◆ **WHAT IS NEEDED**
The reply should hold every line of the listing exactly, and none of its images.

◆ **MATERIAL PROVIDED**
*** Block opens ***

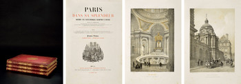 提要:是书红色摩洛哥羊皮精装,烫金轧花;内含整页巨幅雕凹线腐蚀版画100幅,特种美术纸精印,均出自法国一流版画家之手,包括Philippe Benoist,Arnout,Bayot,Ciceri,Gaildreau,Fichot,Sabatier等等,展现了法兰西800年的昔日荣光,包括遗迹、景观和历史场景,文字描述由法国大文豪、中短篇小说大师普罗斯佩·梅里美(1803-1870),及法国哥特复兴建筑的中心人物、建筑师与理论家、画家维欧勒·勒·杜克(1814-1897)等人执笔,被认为是巴黎浪漫主义作品的巅峰之作。展现了卢浮宫、凯旋门、巴黎圣母院、杜伊勒里宫(现已不存)、大皇宫、卢森堡宫、议会大厦、帝国军事学院、爱丽舍宫、法兰西学院、圣礼拜堂、圣日耳曼、玛德莲教堂、蒙梭公园、圣丹尼斯凯旋门、皇家广场、市政厅、克吕尼博物馆、巴黎植物园等历史遗迹,以及攻陷巴士底狱、拿破仑登基等重要历史事件。题材难得,存世较少。
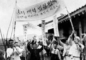 Am 15. August Juche 34 (1945) brachte das koreanische Volk die zig Jahre lang dauernde militärische Okkupation durch den japanischen Imperialismus zu Ende und erreichte endlich die Befreiung des Landes. Sie wurde nicht von Hilfe und Beistand der anderen, sondern aus eigener Kraft des koreanischen Volkes verwirklicht.
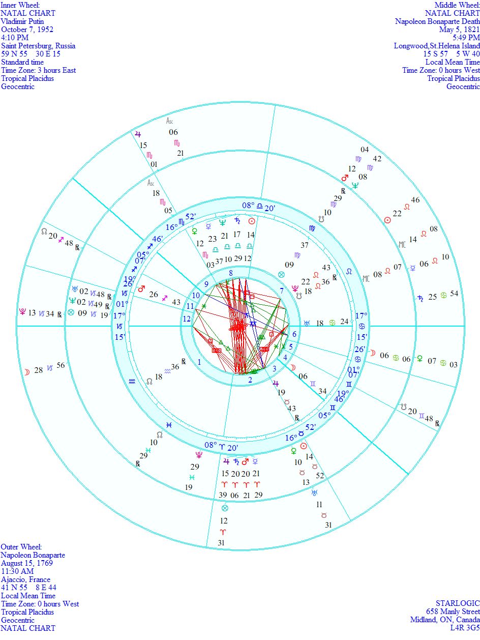 Putin’s Part of Fortune aligns with Napoleon’s ‘fatal’ South Node and his natal Mars and Neptune conjunct. Napoleon’s natal Part of Fortune is conjunct his ‘fatal’ Jupiter and opposite Putin’s Sun. And the proof of reincarnation? Putin’s Mars is within 6° of Napoleon’s natal North Node.
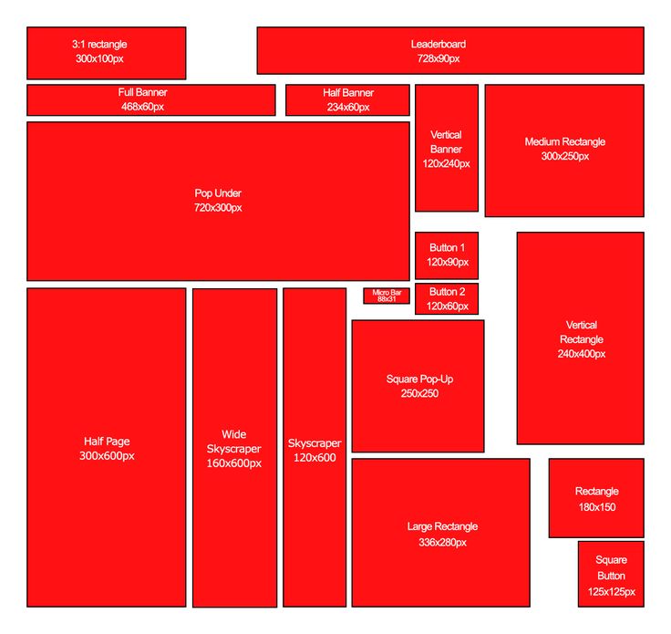 Ниже приведен список стандартных размеров, основанный на более популярных размерах. Кроме того, есть некоторые дополнительные параметры для других социальных сетей или мобильных устройств.

*** Block closes ***

◆ **RESPONSE BOX**
 提要:是书红色摩洛哥羊皮精装,烫金轧花;内含整页巨幅雕凹线腐蚀版画100幅,特种美术纸精印,均出自法国一流版画家之手,包括Philippe Benoist,Arnout,Bayot,Ciceri,Gaildreau,Fichot,Sabatier等等,展现了法兰西800年的昔日荣光,包括遗迹、景观和历史场景,文字描述由法国大文豪、中短篇小说大师普罗斯佩·梅里美(1803-1870),及法国哥特复兴建筑的中心人物、建筑师与理论家、画家维欧勒·勒·杜克(1814-1897)等人执笔,被认为是巴黎浪漫主义作品的巅峰之作。展现了卢浮宫、凯旋门、巴黎圣母院、杜伊勒里宫(现已不存)、大皇宫、卢森堡宫、议会大厦、帝国军事学院、爱丽舍宫、法兰西学院、圣礼拜堂、圣日耳曼、玛德莲教堂、蒙梭公园、圣丹尼斯凯旋门、皇家广场、市政厅、克吕尼博物馆、巴黎植物园等历史遗迹,以及攻陷巴士底狱、拿破仑登基等重要历史事件。题材难得,存世较少。
 Am 15. August Juche 34 (1945) brachte das koreanische Volk die zig Jahre lang dauernde militärische Okkupation durch den japanischen Imperialismus zu Ende und erreichte endlich die Befreiung des Landes. Sie wurde nicht von Hilfe und Beistand der anderen, sondern aus eigener Kraft des koreanischen Volkes verwirklicht.
 Putin’s Part of Fortune aligns with Napoleon’s ‘fatal’ South Node and his natal Mars and Neptune conjunct. Napoleon’s natal Part of Fortune is conjunct his ‘fatal’ Jupiter and opposite Putin’s Sun. And the proof of reincarnation? Putin’s Mars is within 6° of Napoleon’s natal North Node.
 Ниже приведен список стандартных размеров, основанный на более популярных размерах. Кроме того, есть некоторые дополнительные параметры для других социальных сетей или мобильных устройств.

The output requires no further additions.